Segment Open

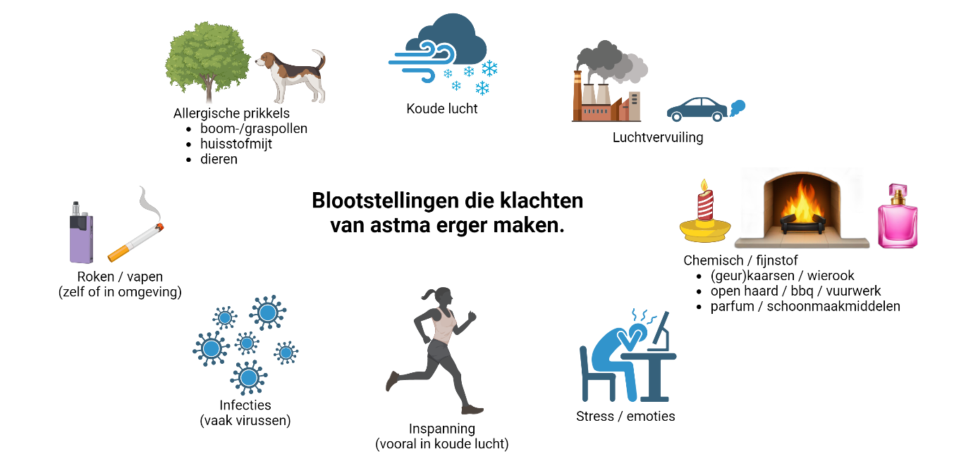 Bij astma zijn de luchtwegen extra gevoelig. Daardoor kunnen ze snel gaan ontsteken. Verschillende prikkels kunnen die ontsteking en daarmee ook astmaklachten verergeren.
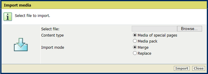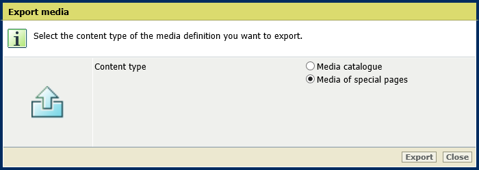 You can export an XML file with the current media definitions of the special pages. This XML file can be imported into another printer.
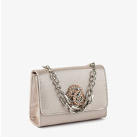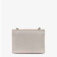 Carry a touch of modern glamour with the "Twilight Sparkle Chain Bag." This chic silver-toned bag features a subtle shimmer and a striking, jeweled heart-shaped embellishment at the center. The bold silver chain strap adds an edgy yet elegant touch, perfect for adding flair to your look.
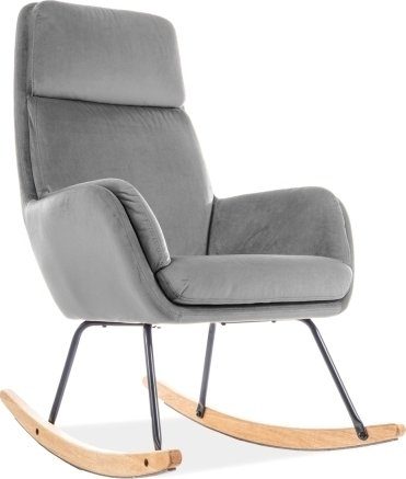 Gungstol i metall och bokträ. Klädd i polyestertyg i sammetsimitation.
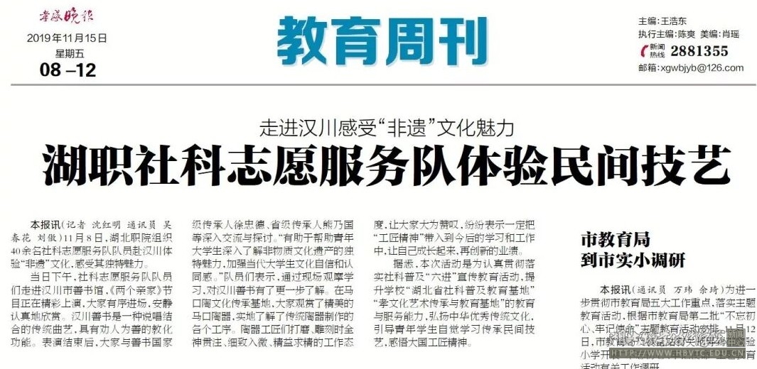 【孝感晚报】湖职社科志愿服务队体验民间技艺
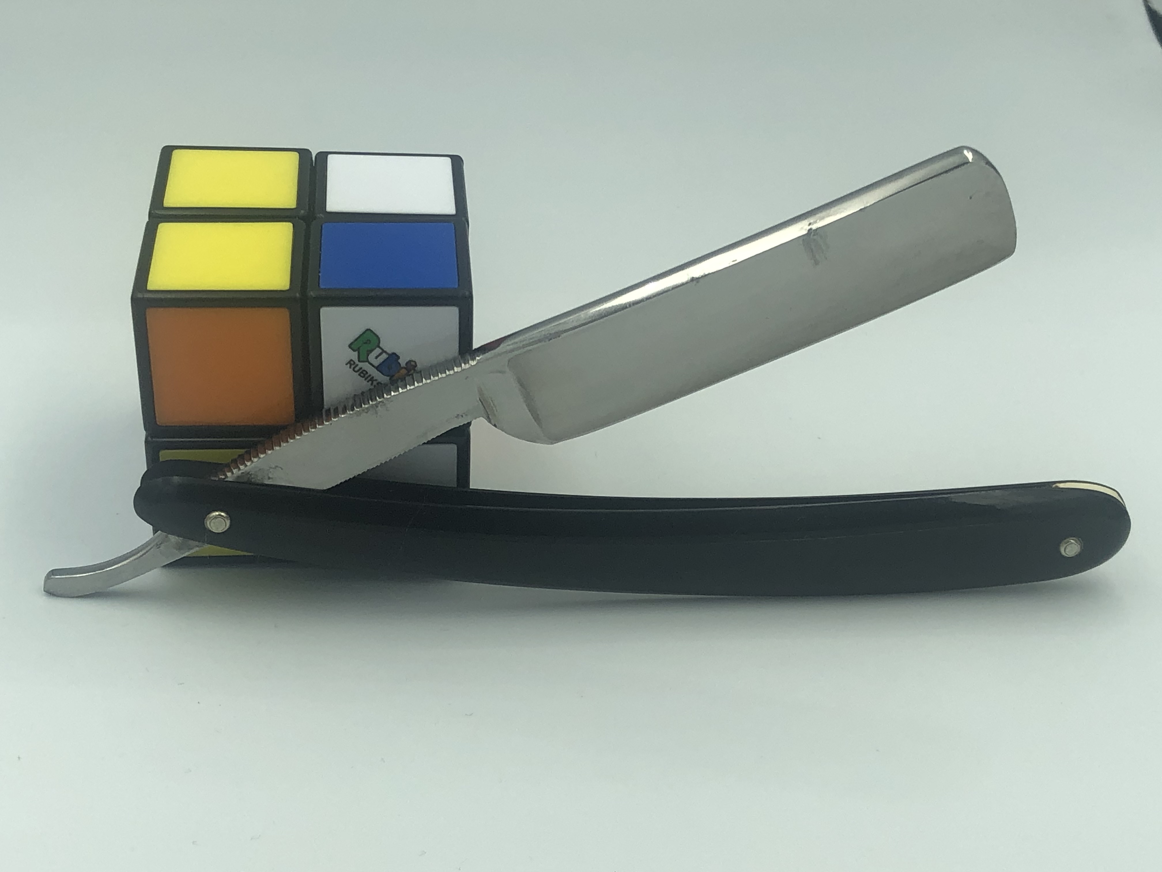 Ширина бритвы 18мм, толщина обуха 5.3мм Роговая оправа Прямая головка, клин Бритва заточена на японских натуральных камнях и готова к бритью. Родная коробочка в идеальном состоянии Цена с доставкой по миру 7500 рублей
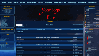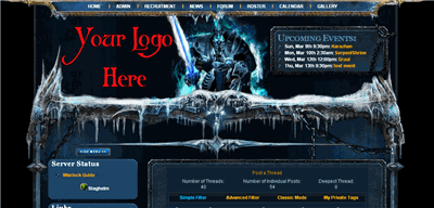 A theme for the Wrath of the Lich King WoW expansion, however, this can easily be tweaked to be non-WoW specific. Recommended Logo Dimensions: 300x200. Written by Jan Bosman for DKPSystem.com.
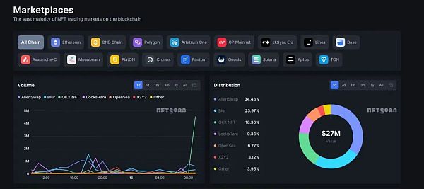 Nftscan 的数据显示,AlienSwap 1D的全链交易量已经跃居第一位,占比达到 34.48%。7D 全链交易量排名第二,占比22.74%
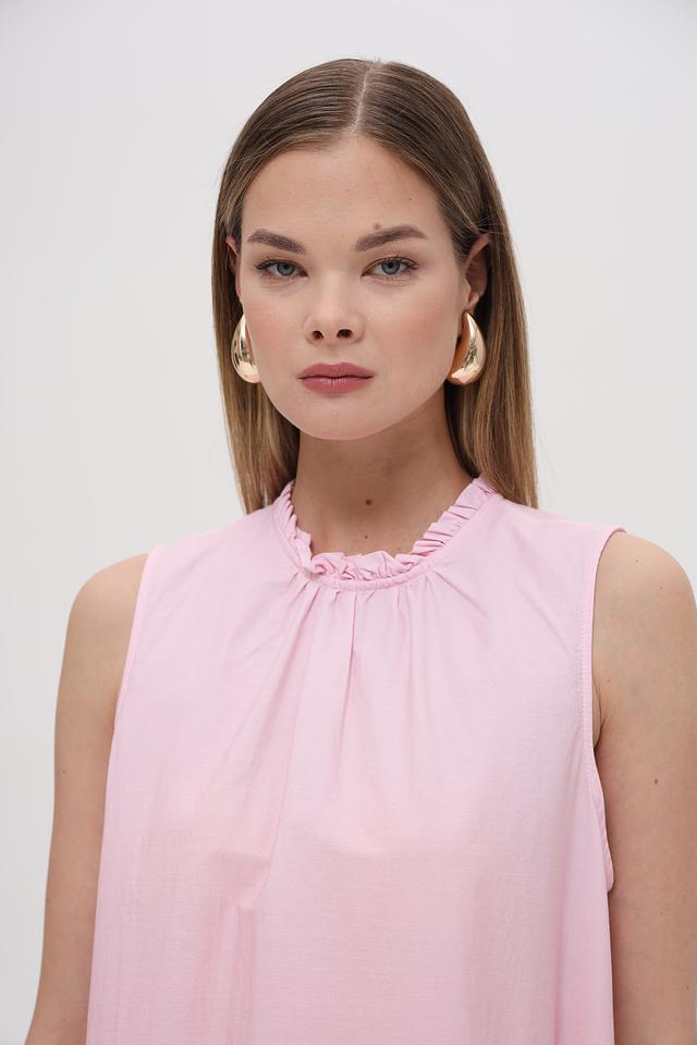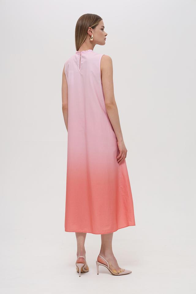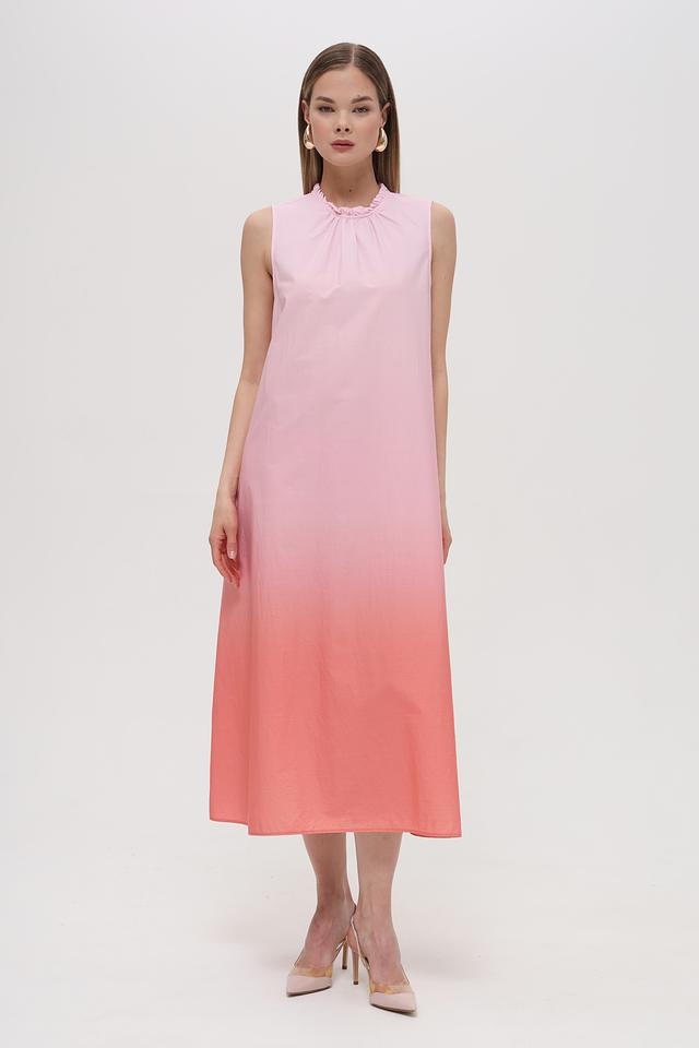 Платье имеет прямой, слегка свободный крой, который не сковывает движений. Особое внимание привлекает градиентный переход цвета от нежно-розового в верхней части к персиковому в нижней. Вырез горловины оформлен небольшим воланом, добавляющим образу женственности.

Segment Closed

ACTION ITEM:
Would you please output the listing above exactly, leaving out the pictures?

REPLY TO THE EXERCISE:
 Bij astma zijn de luchtwegen extra gevoelig. Daardoor kunnen ze snel gaan ontsteken. Verschillende prikkels kunnen die ontsteking en daarmee ook astmaklachten verergeren.
 You can export an XML file with the current media definitions of the special pages. This XML file can be imported into another printer.
 Carry a touch of modern glamour with the "Twilight Sparkle Chain Bag." This chic silver-toned bag features a subtle shimmer and a striking, jeweled heart-shaped embellishment at the center. The bold silver chain strap adds an edgy yet elegant touch, perfect for adding flair to your look.
 Gungstol i metall och bokträ. Klädd i polyestertyg i sammetsimitation.
 【孝感晚报】湖职社科志愿服务队体验民间技艺
 Ширина бритвы 18мм, толщина обуха 5.3мм Роговая оправа Прямая головка, клин Бритва заточена на японских натуральных камнях и готова к бритью. Родная коробочка в идеальном состоянии Цена с доставкой по миру 7500 рублей
 A theme for the Wrath of the Lich King WoW expansion, however, this can easily be tweaked to be non-WoW specific. Recommended Logo Dimensions: 300x200. Written by Jan Bosman for DKPSystem.com.
 Nftscan 的数据显示,AlienSwap 1D的全链交易量已经跃居第一位,占比达到 34.48%。7D 全链交易量排名第二,占比22.74%
 Платье имеет прямой, слегка свободный крой, который не сковывает движений. Особое внимание привлекает градиентный переход цвета от нежно-розового в верхней части к персиковому в нижней. Вырез горловины оформлен небольшим воланом, добавляющим образу женственности.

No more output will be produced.